В ответ Фидель лишь улыбнулся. Что и говорить, такой коалицией действительно можно было гордиться. Дабы ее создать, пришлось в свое время примирить коммунистов с троцкистами, а социал-демократов — с левыми социалистами. А об анархистах и говорить нечего — эти ребята и вовсе считали всех остальных предателями и буржуями. Однако авторитет Кастро все же оказался достаточно высок — и все левые партии в конце концов нашли общий язык.

— Это просто какая-то тирания… — пробормотал Родригес, тяжело опускаясь в кресло.

— Какая же это тирания? — удивился президент. — Это самая настоящая демократия. Кто же виноват в том, что народ предпочитает голосовать за социалистические партии, а не за ваших центристов?

— Народ испорчен вашей пропагандой, — махнул рукой профессор. — Он развращен социализмом.

— Называйте это как хотите, — пожал плечами Фидель. — Да, нашему народу по нраву социализм. Да, рабочему нравится, что его завод принадлежит не капиталисту, как на Западе — но и не государству, как в Германии или, скажем, России — а именно ему и его товарищам по работе. Да, крестьянин доволен, что работает на своей земле — или же на кооперативной — а не на помещичьей. Да, трудящийся рад бесплатной медицине и бесплатному же образованию. Все это так. Но что же здесь плохого, гражданин Родригес?

— Но ведь такая экономика страшно неэффективна! — убежденно заявил Родригес.

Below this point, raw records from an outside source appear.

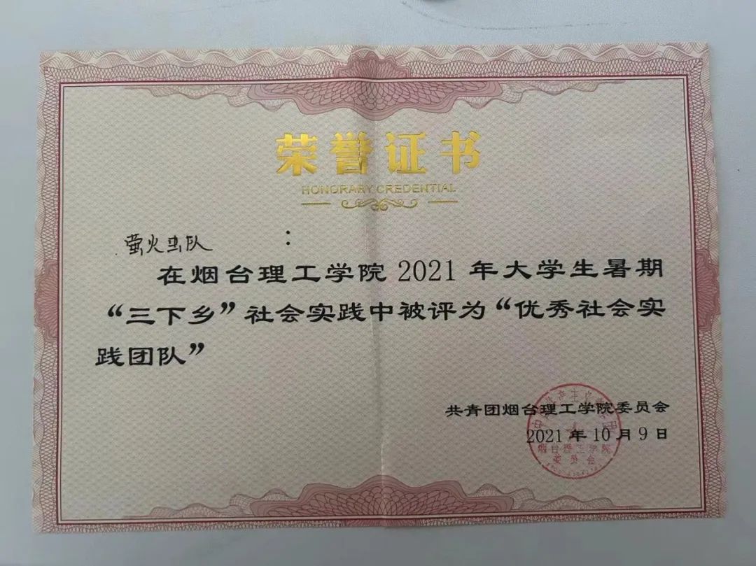 5.个人所在“萤火虫”实践队在2021年老员工暑期“三下乡”社会实践中被评为“优秀社会实践团队”;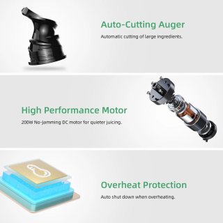 - Krachtig en robuust: De 200W motor verwerkt moeiteloos harde wortels en andere vezelrijke groenten, maar is ook geschikt voor zacht fruit.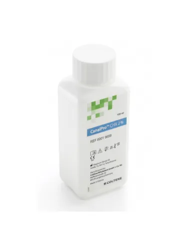 CanalPro CHX 2% de Coltène es una solución para endodoncia de digluconato de clorhexidina al 2%. Está indicada como irrigante adicional y durante revisiones. Resulta muy efectiva contra la E. Faecalis y hongos. Además, suele ser utilizada para el desbridamiento químico durante el proceso de preparación del canal.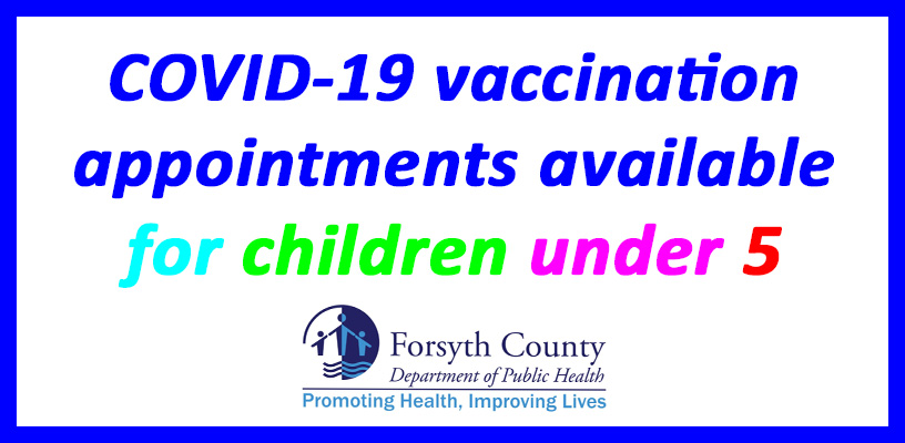 The Forsyth County Department of Public Health is now accepting COVID-19 vaccination appointments for children younger than 5 years-old that will start on Wednesday afternoon.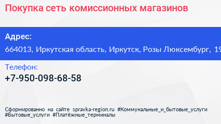 Покупка, сеть комиссионных магазинов по адресу 664013, Иркутская область, Иркутск, Розы Люксембург, 19 в дальнейшем Организация, размещена в следующих категориях:
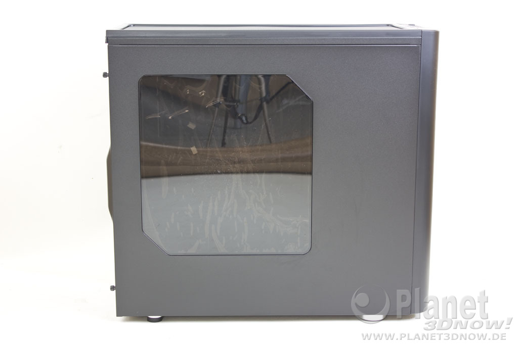 Das linke Seitenteil wurde im Vergleich zum ersten Arc Midi mit einem getönten Fenster ausgestattet, das einen Blick auf die eingebauten Komponenten gewährleistet. Da das Arc Midi R2 speziell auf den Einbau einer Wasserkühlung ausgerichtet ist, garantiert dies einen schicken Anblick. Das rechte Seitenteil ist ohne weitere Funktion. Beide Seitenteile sind mit Rändelschrauben befestigt und besitzen auf der Rückseite einen Griff, um sie besser lösen zu können.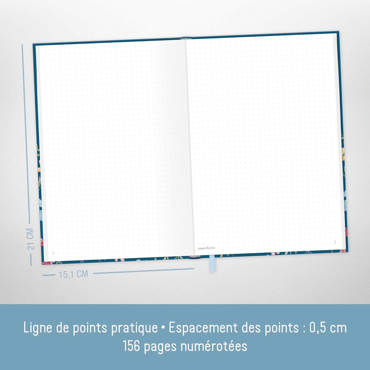 Elegante taccuino A5 a pois - della Häfft-Verlag con nastro da lettura ed elastico per bullet journaling, obiettivi, scritte a mano, schizzi, progetti e pensieri - sempre con te e a portata di mano quando colpisce un lampo di genio! SOSTENIBILE E RISPETTOSA DEL CLIMA - Sii creativo quanto vuoi pur avendo la coscienza a posto: per amore dell'ambiente, la nostra carta premium da 100 g/m² è certificata FSC (FSC N004440) e stampata in modo rispettoso del clima. IL TUO COMPAGNO FEDELE - La copertina flessografica, flessibile e resistente, combina le migliori caratteristiche della copertina rigida e della copertina morbida, è resistente agli schizzi e cancellabile. L'intricata rilegatura a filo tiene insieme le pagine in modo sicuro. FAI UN REGALO A TE STESSO E AGLI ALTRI - Ideale per i principianti o come regalo carino, questo diario chic ti fa venire voglia di posare lo smartphone e tirare fuori la penna! MOLTI DISEGNI DIVERSI - ce n'è per tutti i gusti e bello da collezionare: diario con 156 pagine numerate nel pratico formato A5 (15 x 21 cm), distanza tra i punti: 0,5 cm.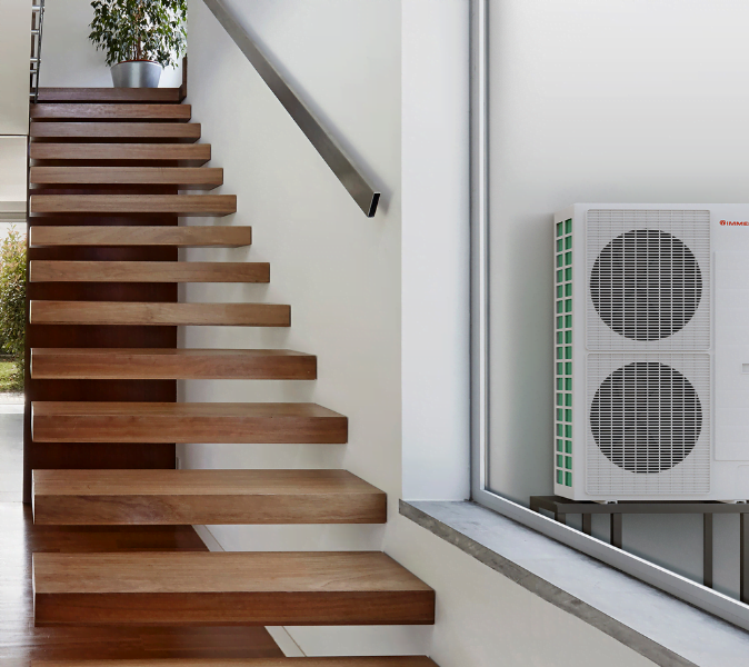 Szczególnie mało problematyczne są pod tym względem powietrzne pompy ciepła typu split dostępne w ofercie Immergas. Jedną z jednostek montuje się na zewnątrz budynku, druga z kolei może zostać zabudowana np. szafką wiszącą – w łazience, kuchni czy pralni. Dzięki temu nie zaburza przy okazji estetyki lokalu i pozostaje w zasadzie niezauważalna. Jednostkę zewnętrzną montuje się natomiast około 30-60 cm nad ziemią, na fundamencie budynku. Zachowanie tej wolnej przestrzeni jest istotne ze względu na konieczność pozostawienia nieco miejsca na odprowadzanie skroplin z urządzenia. Wymiary jednostki zewnętrznej można przedstawić na przykładzie pompy ciepła o mocy 9 kW – osiąga wówczas 95 cm szerokości, 100 cm długości oraz 40 cm głębokości.

— Неэффективна для кого? — хитро прищурился президент, невольно подражая Владимиру Ленину. — Для эксплуататора, который не может больше наживаться на чужом труде? Или для трудящегося, который твердо знает, что не будет выброшен на улицу?

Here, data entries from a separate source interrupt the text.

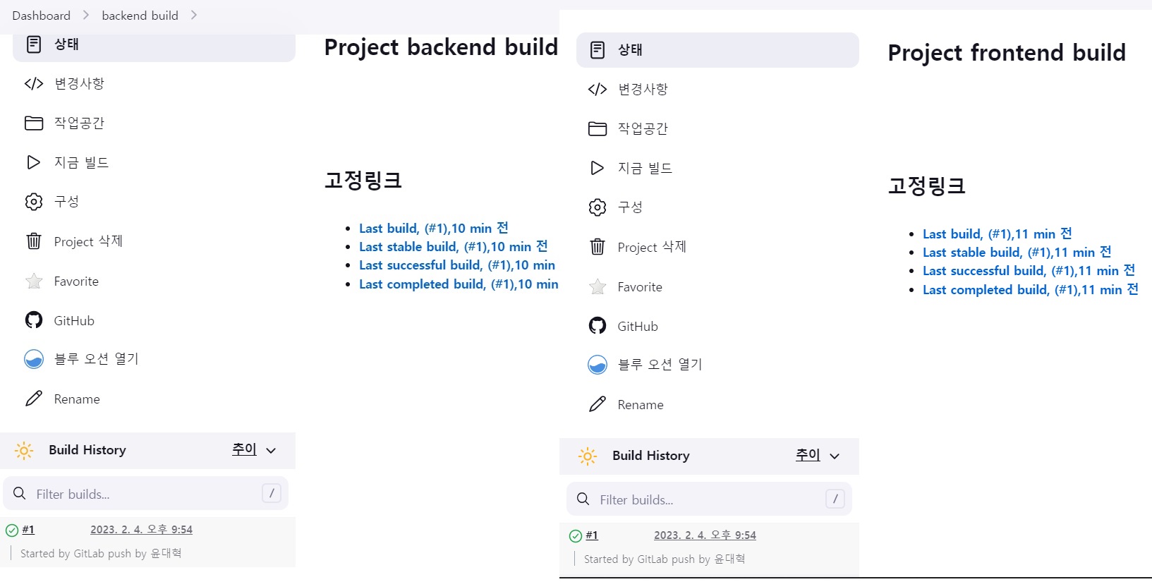 | gitlab 프로젝트 CI/CD 환경 구축하기 6편 -gitlab에 push하면 자동으로 프론트엔드 빌드하기- (0) | 2023.02.04 |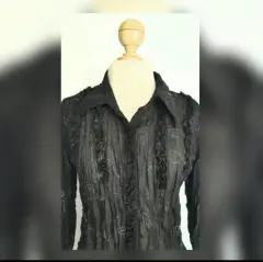 Blusa negra manga larga c/diseño de flores en hilo plateado, cuello clásico c/solapa, cierre mediante botonadura y mini escarolas en zona frontal y puños, talla 13 (MUY REDUCIDA, DA MEJOR A TALLA 9). Dimensiones cms: 38 hombro, 47 axila, 37.5 cintura, 48 zona baja, 57 largo, 66 largo manga. 100% poliéster. Para lavado en casa. SIN DETALLES, se uso solo una vez por un par de hrs.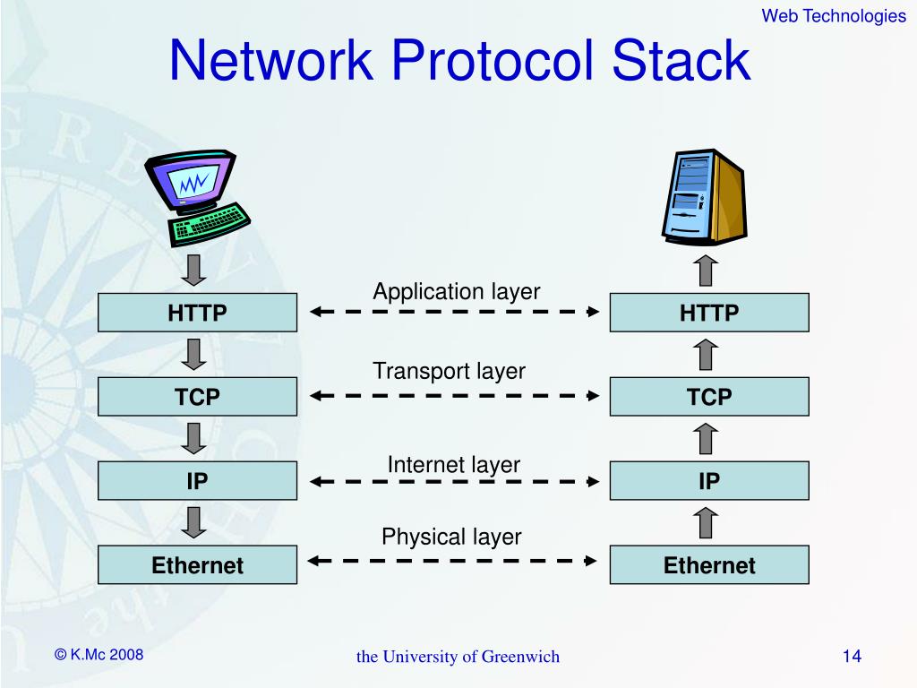 Network Protocol Stack Application layer HTTP HTTP Transport layer TCP TCP Internet layer IP IP Physical layer Ethernet Ethernet the University of Greenwich

— Так долго продолжаться не может, — не сдавался Родригес. — Такая экономика долго не протянет. Пока что она держится на плаву лишь благодаря туризму и германской помощи.

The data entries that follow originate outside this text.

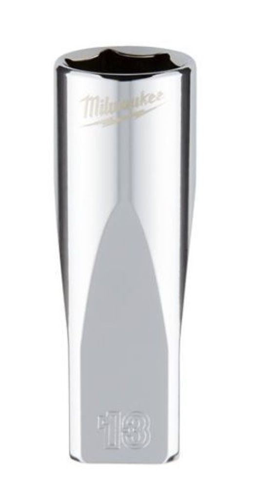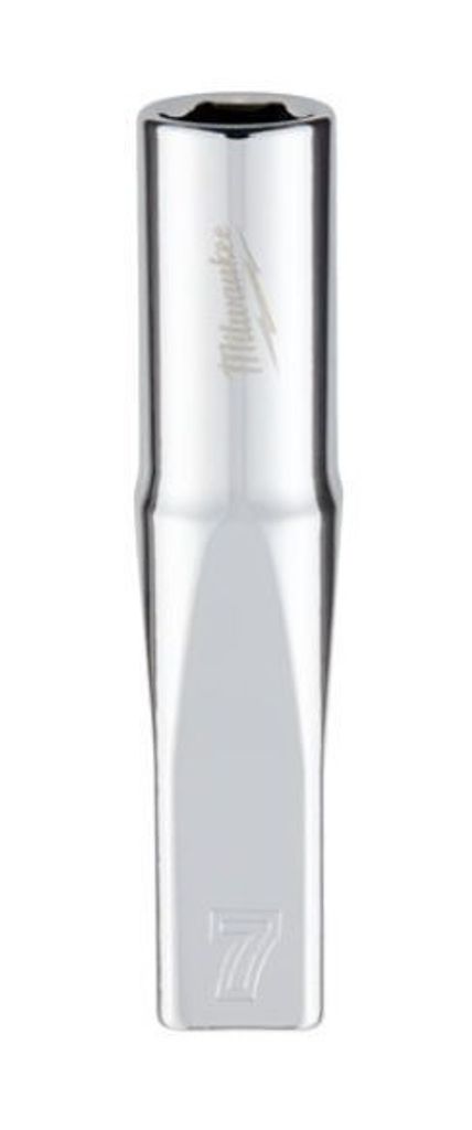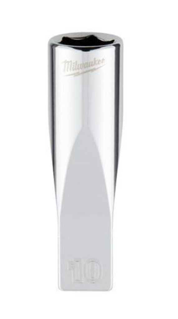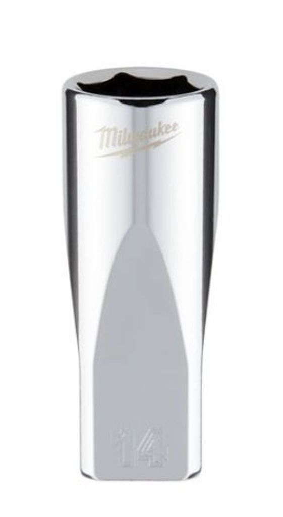 Milwaukee 1/4 tum lång hylsa med kraftigt FOUR FLAT skaft ger säkert grepp, hög kontroll och snabb hantering. FOUR FLAT på sidorna förhindrar rullning på bänk och golv. Bläckstämplad storlek ger tydlig läsbarhet även i svagt ljus och den slitstarka krom finishen motstår korrosion. Längd 50 mm för bättre åtkomst i djupa fästdon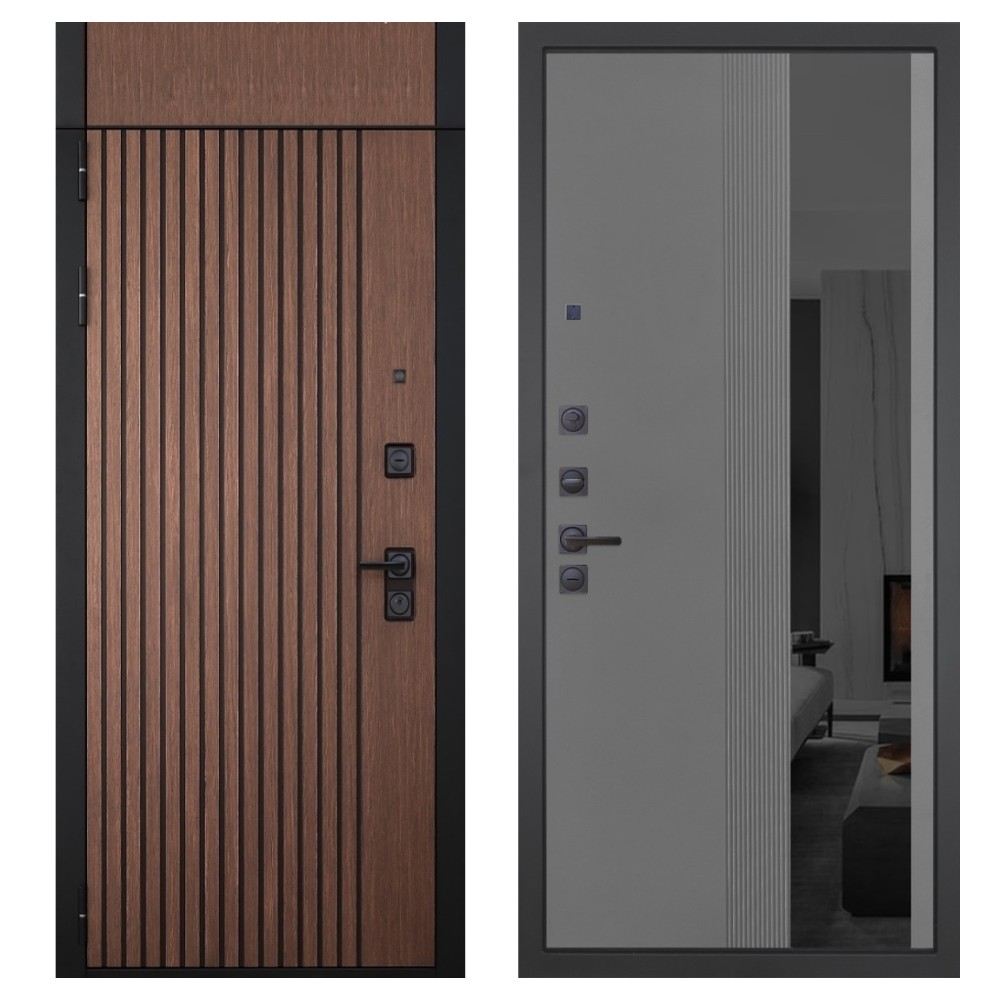 Гранит Шторм с фрамугой, панель 086 Серый рельеф софт с тонированным зеркало 10 мм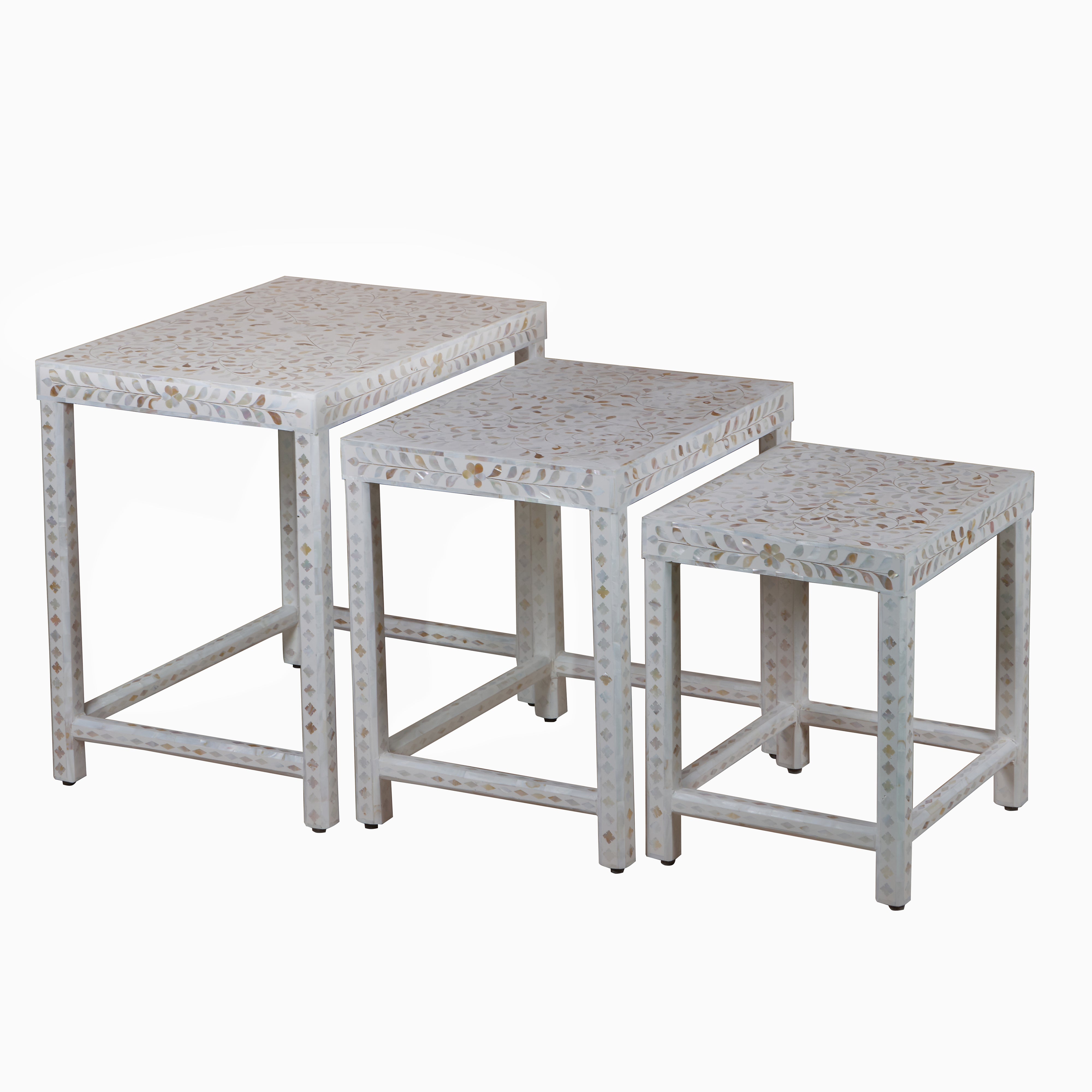 Experience the perfect blend of beauty and practicality with our MOP Inlay Nesting Table Set. The stunning handcrafted finish brings a touch of class to your decor, while the versatile design allows the smaller tables to slide out when guests arrive and hide away effortlessly when not in use.

— Иными словами, — лукаво усмехнулся Кастро, — вы признаете, что правительство ведет разумную внешнюю политику?

— Мне надоела ваша демагогия, — тихо сказал профессор, после чего поднялся с кресла. — И мне надоела такая «демократия», при которой одни партии запрещены, а другие — маргинализированы.

— Я вполне допускаю, — кивнул Фидель, — что есть люди, недовольные нашим образом жизни. Что ж, гражданин Родригес, мы здесь никого насильно не держим. Вы прекрасно знаете, где находится аэропорт. А если вы не любите летать, можете воспользоваться кораблем. Или даже поездом, — усмехнулся Кастро. — Свободу эмиграции еще никто не отменял.

— Я никуда отсюда не уеду, — покачал головой Родригес. — Я здесь родился, здесь и умру. Я и не подумаю покидать родину. А вот ваш кабинет покину с радостью.

По правде говоря, окончание затянувшегося визита доставило радость и Фиделю тоже.

* * *

— Надо было сразу отступать… — пробормотал Рауль Кастро, зажимая рукой раненое плечо.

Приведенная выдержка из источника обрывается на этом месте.